RNA Structure Annotation Based on Base Pairs Using ML Based Classifiers
David Johnson
Prasad Kulkarni
RNA molecules play a crucial role in the regulation of gene expression and other cellular processes. Understanding the three-dimensional structure of RNA is essential for predicting its function and interactions with other molecules. One key feature of RNA structure is the presence of base pairs, where nucleotides i.e., adenine(A), guanine(G), cytosine(C), and uracil(U), form hydrogen bonds with each other. The limited availability of high-quality RNA structural data combined with associated atomic coordinate errors in low resolution structures, presents significant challenges for extracting important geometrical characteristics from RNA's complex three-dimensional structure, particularly in terms of base interactions.

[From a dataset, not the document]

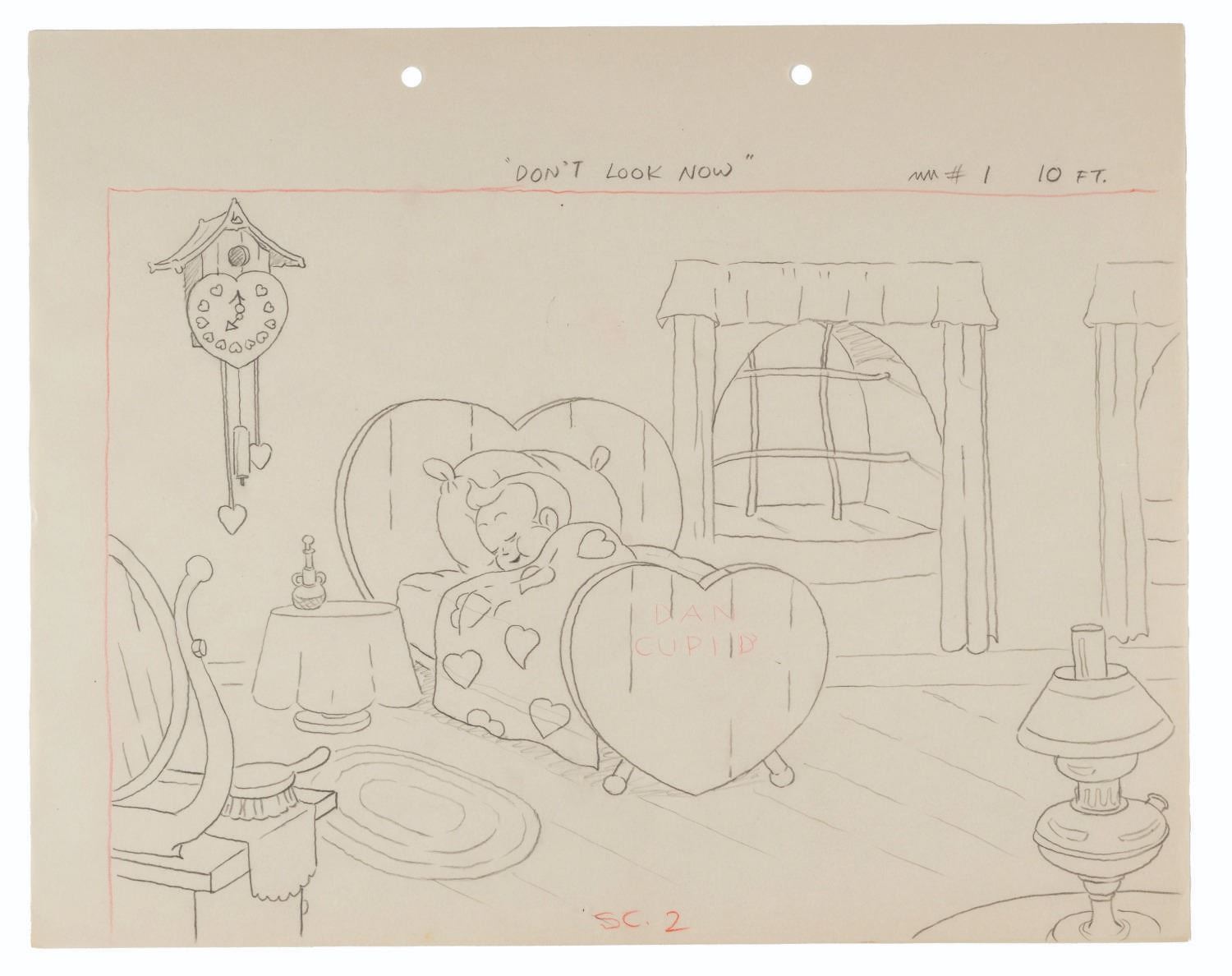 (Schlesinger, 1936) A layout drawing of Dan Cupid in his home from the Merrie Melodies cartoon “Don’t Look Now.” With an image size of 7.75” x 11” on 9.5” x 12” animation paper, the drawing accomplished in graphite and red pencil is in very good condition with light wear from production use, and slight discoloration from age.

In this study, we propose an approach for annotating base-pairing interactions in low-resolution RNA structures using machine learning (ML) based classifiers and leveraging the more precise structural information available in high-resolution homologs to annotate base-pairing interactions in low-resolution structures. We first use DSSR tool to extract annotations of high-resolution RNA structures and extract distances of atoms of interacting base pairs. The distances serve as features, and 12 standard annotations are used as labels for our ML model. We then apply different ML classifiers, including support vector machines, neural networks, and random forests, to predict RNA annotations. We evaluate the performance of these classifiers using a benchmark dataset and report their precision, recall, and F1-score. Low-resolution RNA structures are then annotated based on the sequence-similarity with high-resolution structures and the corresponding predicted annotations.
For future aspects, the presented approach can also help to explore the plausible base pair interactions to identify conserved motifs in low-resolution structures. The detected interactions along with annotations can aid in the study of RNA tertiary structures, which can lead to a better understanding of their functions in the cell.